Automatic descriptive classification of self-reported traumatic experiences: A primer and example in applying a pretrained large language model to study psychological phenomenology.
A large cohort of N=1,473 individuals recruited through Google Ads for pre-screening as part of a larger study on major depressive disorder (MDD) is being used. Written responses to an open-ended prompt regarding the worst event experienced are descriptively classified via a novel 31-item inventory which allows for structured qualitative coding. Written responses are applied to a pre-trained large language model (BERT) to automatically generate latent representations of these self-reported experiences. A dimensionally reduced form of these latent representations are then used as features to train, validate, and test a series of classification-based machine learning models which, in total, summarize key themes of the reported negative experience.

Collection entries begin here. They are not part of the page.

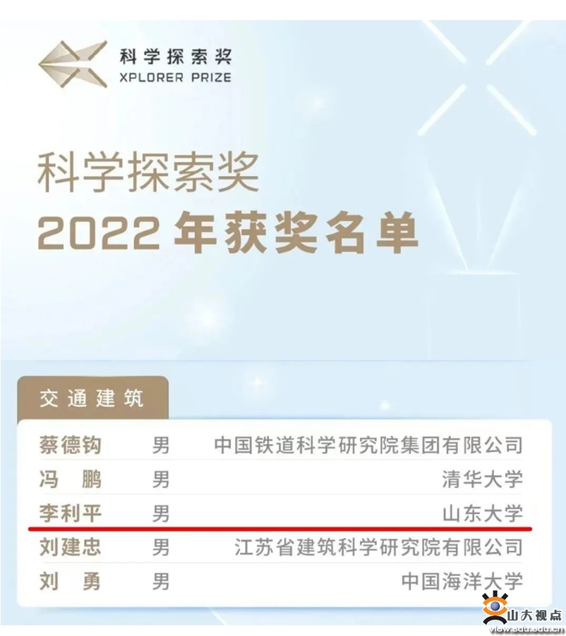 [本站讯]9月15日,2022年“科学探索奖”获奖名单揭晓,山东大学齐鲁交通学院常务副院长李利平教授榜上有名,成为山东大学首位获此奖项的青年科学家。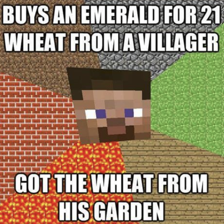 Caption: "Buys an emerald for 21 wheat from a villager Got the wheat from his garden"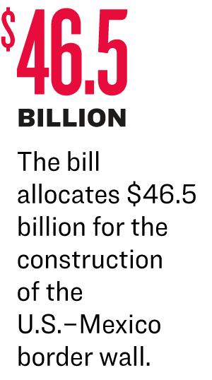 The single biggest immigration item in the law is $46.5 billion dedicated to the construction of a border wall along the U.S.–Mexico border.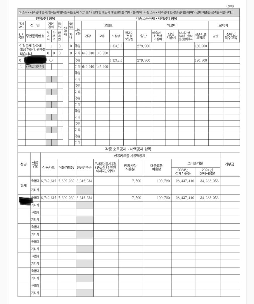 기본한도 300만원을 모두 만족한것으로 보이며, 전통시장,대중교통등추가공제, 전년도 대비 소비증가분을 고려했을때 특이사항은 없어보입니다.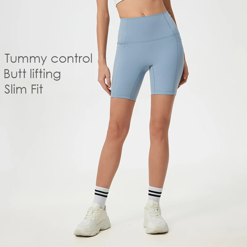 Pocket Design Gym Workout High Waist Sports Fitness Yoga Shorts No Camel Toe Running Clothes Custom Biker Shorts Women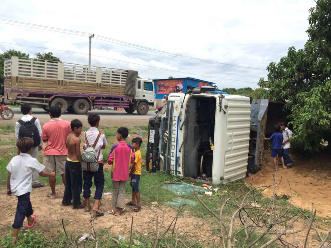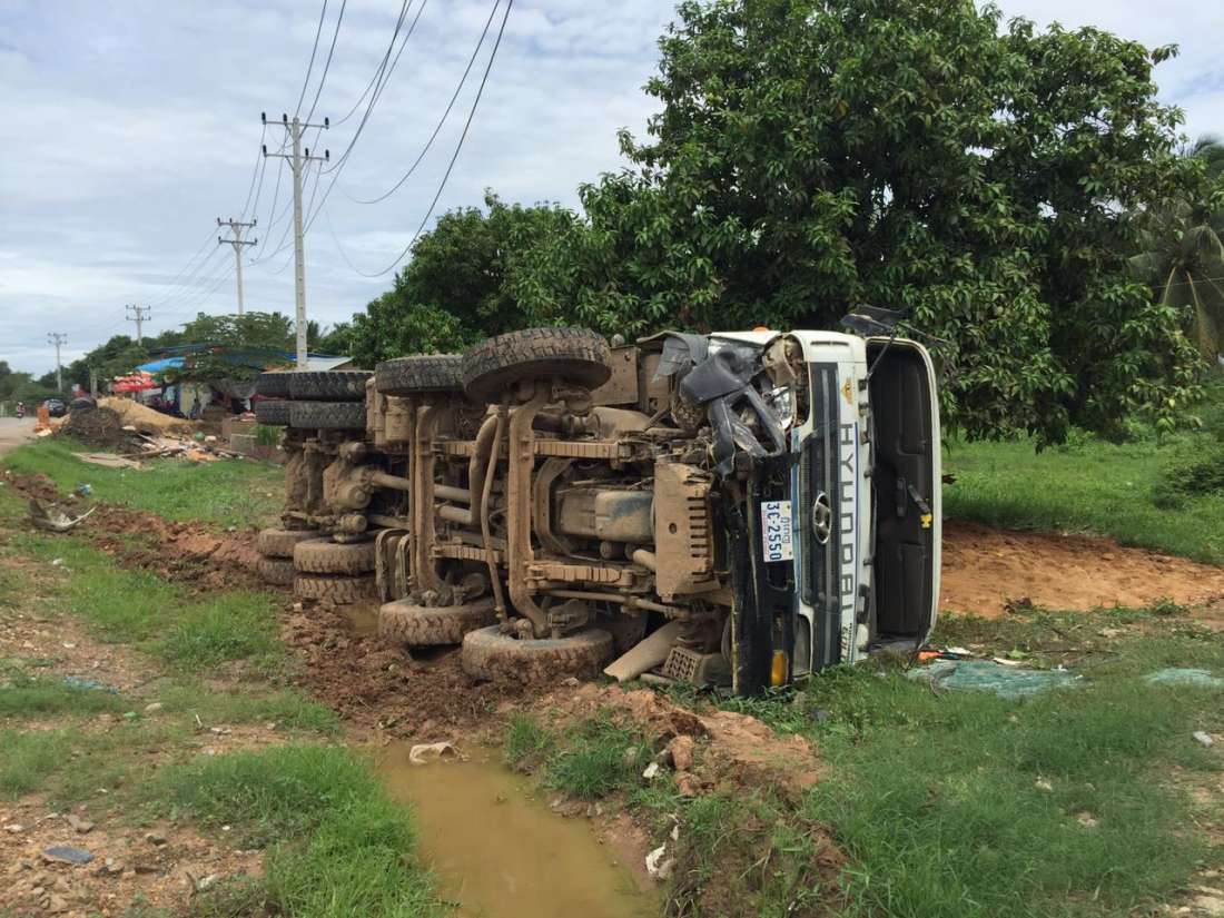 រាជធានីភ្នំពេញ ៖ ហេតុការណ៍គ្រោះថ្នាក់ចរាចរណ៍ដ៏គួរអោយភ្ញាក់ផ្អើលមួយ ដែលនឹកស្មានមិនដល់ថា គ្មានអ្នករងរបួសសោះ បន្ទាប់ពី បុរសម្នាក់បើករថយន្តហ៊ីយ៉ាន់ដាយដឹកដីធុនធំមួយគ្រឿងក្នុងល្បឿនលឿន វ៉ានឹងរថយន្តមួយគ្រឿងនៅពីមុខខ្លួនជ្រុលឡយចូលទៅចំណីផ្លូវម្ខាងទៀត បុកផ្ទប់រថយន្តឡិចស៊ិស RX330 ដែលជិះស្របត្រូវផ្លូវ ពីមុខពេញទំហឹងបណ្តាលអោយរថយន្តឡិចស៊ិស ផ្លោងខ្ទាតជាង ៥០ម៉ែត្រ រងការខូចខាត ចំណែករថយន្តបង្កជ្រុលចង្កូតធ្លាក់ផ្លូវក្រឡាប់ផ្ញារជើងច្រងាងតែម្តង ។
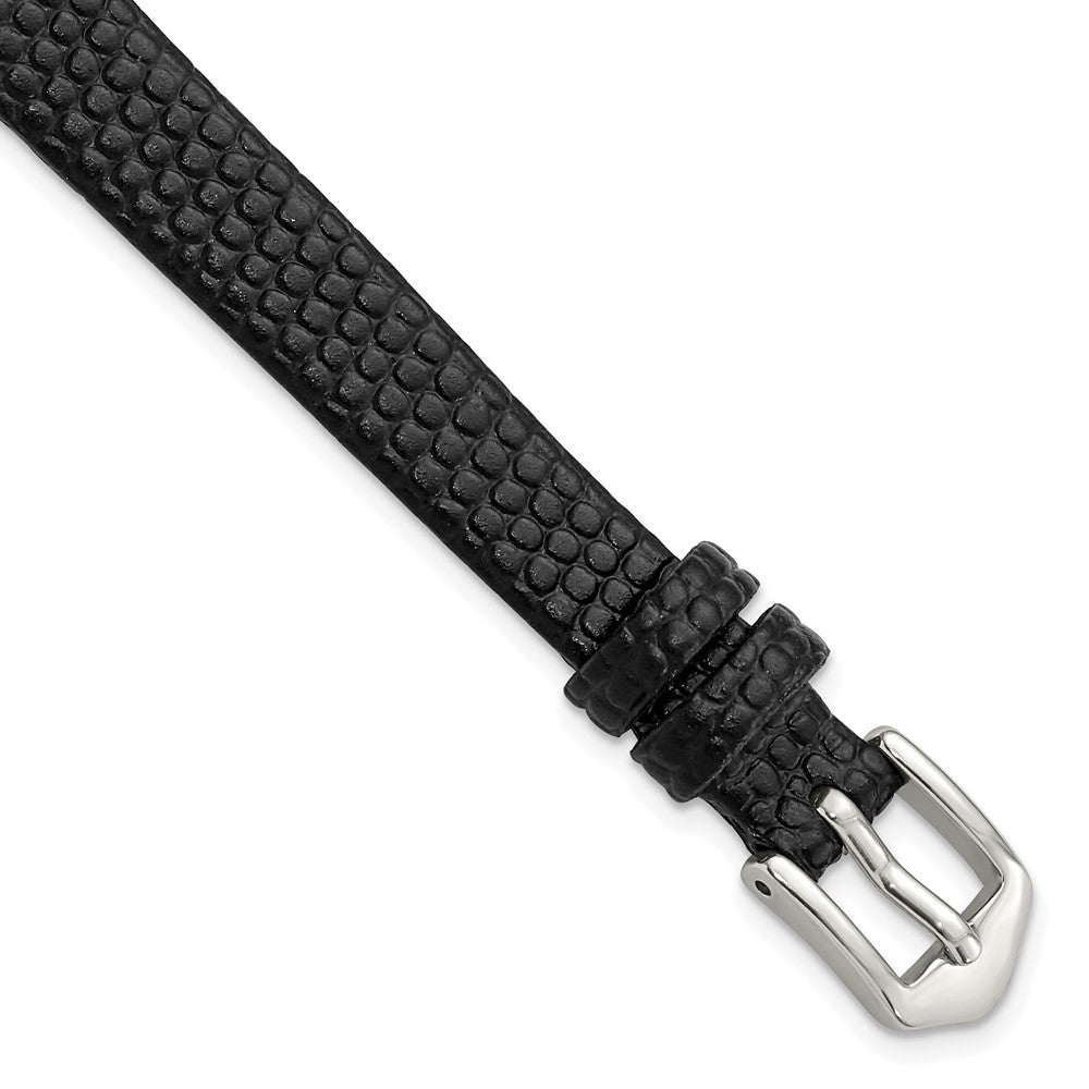 Gilden 10mm Black Flat Lizard Grain Calfskin Leather with Silver-tone Aluminum Buckle 6.75 inch Watch Band

This pipeline is then used to explore the relative importance of different aspects of negative experiences (e.g., who was affected, who was responsible, when did the experience occur, what trauma was sustained, was the event personally witnessed) by treating them as features in a new set of models tasked with predicting PCL-5-related outcomes.
The primary goal of this work is to provide a detailed example of how pretrained large language models can be leveraged to profile mental health and address questions in psychological science using real-world data. Through highlighting and explaining major decision points along the way, from data preprocessing to results interpretation, this work may serve as a starting point for researchers to employ large language models in their own work.